Jerry Joe was a good pick. Her best pick, the favorite selection at any choice; he laid back as if invisible, listening to all kinds of conversations, all kinds of topics, what he could gather from what the Patcho brothers and Burly Cutter gabbed about, them not using names but saying things about a loss at a local ranch, a girl left in charge of that spread, what ought to be done to relieve her of the property when the time came, things like, “She’ll never hold that place together; it’s too much for a girl; from the beginning it should have been ours, all along ours. She has to announce his death sometime. She can’t keep that a secret. It’d crush any woman, that kind of a load. She’ll have to announce his death soon, as if a question was being asked, like, “He’s really dead, isn’t he? We put enough slugs into him, I think, as a bear could carry. That kid ain’t that tough. Never won any kind of match against any competition, as you’ll remember, so, we’ll have to mosey over that way and give her our condolences, as really sorry as we can make them. Make her cry for her weak-kneed brother, Yah, we gotta do that as soon as we can.”

The report from Jerry Joe was complete, a near-book of information about the Patchos and their mean-as-Hell sidekick, Burly Cutter, waiting for the biggest pie he ever could cut into, two ranches instead of one, a beautiful girl in the mix of prizes, one winner take all he can.

As it was, the Patchos and their sly comrade, started out on their condolence run, riding close to the Gogland ranch, almost ready to dismount in front of the wide-slung cabin, when the first round from an open window took Burly Cutter right out of his saddle, dead before he hit the ground, not a dirty squirm left in his body, payback on the way!

The two Patchos scrambled for safety, leaping behind a wagon that had not moved for a week in front of the cabin, as good a protective field as was available, at hand, and placed there by the keen mind of a beautiful girl worth any and all protection she could muster.

Trese yelled out at them, “We know you shot up my brother to a fare-thee-well, but I’m saying you didn’t get the job done, not all the way, and the sheriff will be after you if you don’t lay down your guns and take it like men, if you got any manhood in the two of you, even the smallest chunk of manhood, otherwise you’re dead, dead as the old doornail, two of them, and getting rustier by the minute.”

“Shut up, lady. We’re going to make all this happen right from where we’re sitting now. We’re going to end this charade you put up. We know he’s dead and you’re next.”

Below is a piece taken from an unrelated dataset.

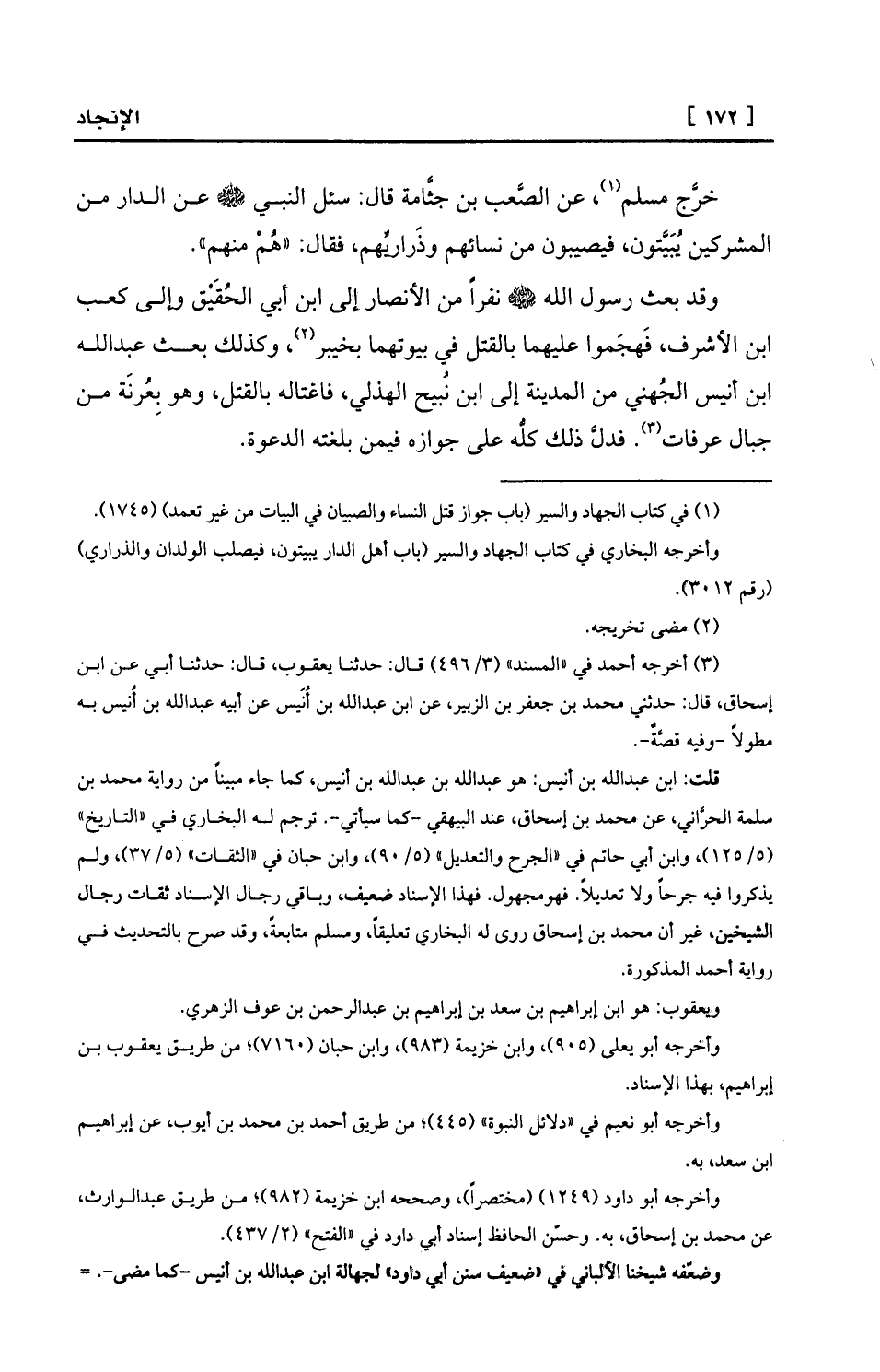 قلت: ابن عبد الله بن أنيس: هو عبد الله بن عبد الله بن أنيس، كما جاء مبيناً من رواية محمد بن سلمة الحرَّاني، عن محمد بن إسحاق، عند البيهقي -كما سيأتي-. ترجم له البخاري في «التاريخ» (5/125) ، وابن أبي حاتم في «الجرح والتعديل» (5/90) ، وابن حبان في «الثقات» (5/37) ، ولم يذكروا فيه جرحاً ولا تعديلاً. فهومجهول. فهذا الإسناد ضعيف، وباقي رجال الإسناد ثقات رجال الشيخين، غير أن محمد بن إسحاق روى له البخاري تعليقاً، ومسلم متابعةً، وقد صرح بالتحديث في رواية أحمد المذكورة.

Trese replied in a highly confident voice, “Not counting on that wagon, are you, boys? When I pull this rope, from in here, that wagon falls apart and you’re dead as ducks, or wild geese, or whatever kind of bird you like. Dead as ducks on the flat pond. Dead as ducks under my trigger finger, like this; and the wagon fell apart there in front of her and she shot dead both brothers with two shots as they scrambled in a full panic, no way in which to turn, to escape. It was easy as pie, she thought, the way it went, just the way she planned it.

The folks near Hatchville, Colorado still talk about the girl who took on two brothers and knocked the stuffing out of them at the same time, a legend and a judgement of the area, “Don’t find ladies short on guts.”